The story goes: In the remote town of Sioux Lookout, Ontario (loon capital of the world), there is an old decommissioned fire tower. A local prankster allegedly welded a wooden box to the tower's cable and called it the "Loon's Elevator." Tourists were told it could "lift them to see the loons." Instead, it rose 30 feet and then released with a bang, dropping riders 10 feet before a safety catch engaged.

No evidence of this elevator exists, but the myth persists. Search YouTube for "loons elevator prank" and you’ll find shaky, night-vision-style videos with titles like “I RODE THE LOON ELEVATOR (NEARLY DIED)”—all of them likely staged.

Nevertheless, the phrase has entered the lexicon of Canadian cottage-country daredevils as slang for any jerky, unsafe, or homemade lift.

Unlike most elevators, this one doesn't lift the bird; the bird climbs it.

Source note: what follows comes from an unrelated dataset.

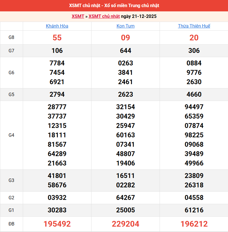 ✅ 4. Xem lại bảng kết quả xổ số miền Trung ngày 21/12/2025

Once the loon is funneled toward the ramp, it instinctively feels solid ground under its feet. Because the ramp is wet and textured, the loon can actually do a "belly crawl" up the slope. This brings it out of the water and onto a safe, flat surface (like a padded crate). If you search for loons elevator in cottage-country

The Good:
The ride is strangely calming. The wavering motion — once you trust it — feels less like machinery and more like being gently carried by water. The felt walls dampen outside noise, and the oculus’s shifting sky (clouds, sunset, or stars depending on time of day) creates a brief meditative moment.

The leaning interface is intuitive for first-time users after one try, and the lack of buttons gives the cabin a clean, minimalist look. Handicap accessibility is addressed via a separate joystick panel at wheelchair height (though it feels like an afterthought).

The Frustrating:
The mandatory “Echo pause” is divisive. In a rush? Too bad. The 2.5-second stop + loon call happens every single trip, even between ground and first floor. In a hotel, guests reported mild annoyance after the third use. In an office setting, employees started taking stairs.

Also, the slow speed (0.5 m/s) means a 4-floor trip takes ~30 seconds plus pause — roughly double a normal elevator. The 3-person limit makes it impractical for moving furniture or groups.


(Note: Since “Loons Elevator” isn’t a widely known real product, this review is written as an investigative / speculative piece for a design or tech publication.)